Dong Lina, Qu Xiaoyang, Zhao Yuan, Wang Binju
State Key Laboratory of Physical Chemistry of Solid Surfaces and Fujian Provincial Key Laboratory of Theoretical and Computational Chemistry, iChEM, College of Chemistry and Chemical Engineering, Xiamen University, Xiamen 360015, P. R. China.
State Key Laboratory of Physical Chemistry of Solid Surfaces and Fujian Provincial Key Laboratory of Theoretical and Computational Chemistry, College of Chemistry and Chemical Engineering, Xiamen University, Xiamen 360015, P. R. China.
ACS Omega. 2021 Nov 21;6(48):32938-32947. doi: 10.1021/acsomega.1c04996. eCollection 2021 Dec 7.
Accurate prediction of protein-ligand binding free energies is important in enzyme engineering and drug discovery. The molecular mechanics/generalized Born surface area (MM/GBSA) approach is widely used to estimate ligand-binding affinities, but its performance heavily relies on the accuracy of its energy components. A hybrid strategy combining MM/GBSA and machine learning (ML) has been developed to predict the binding free energies of protein-ligand systems. Based on the MM/GBSA energy terms and several features associated with protein-ligand interactions, our ML-based scoring function, GXLE, shows much better performance than MM/GBSA without entropy. In particular, the good transferability of the GXLE model is highlighted by its good performance in ranking power for prediction of the binding affinity of different ligands for either the docked structures or crystal structures. The GXLE scoring function and its code are freely available and can be used to correct the binding free energies computed by MM/GBSA.

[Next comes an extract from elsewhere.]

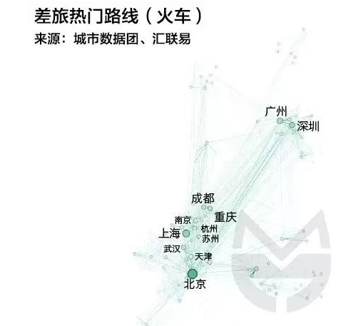 作为主要的差旅出行方式之一,火车热门路线的结构亦呈“十字架 小雷达”。其

准确预测蛋白质 - 配体结合自由能在酶工程和药物发现中至关重要。分子力学/广义玻恩表面积(MM/GBSA)方法被广泛用于估计配体结合亲和力,但其性能在很大程度上依赖于其能量成分的准确性。一种结合MM/GBSA和机器学习(ML)的混合策略已被开发出来用于预测蛋白质 - 配体系统的结合自由能。基于MM/GBSA能量项以及与蛋白质 - 配体相互作用相关的几个特征,我们基于机器学习的评分函数GXLE,在没有熵的情况下,表现比MM/GBSA好得多。特别是,GXLE模型的良好可转移性通过其在对对接结构或晶体结构的不同配体结合亲和力预测的排名能力方面的良好表现而得到突出体现。GXLE评分函数及其代码可免费获取,可用于校正由MM/GBSA计算的结合自由能。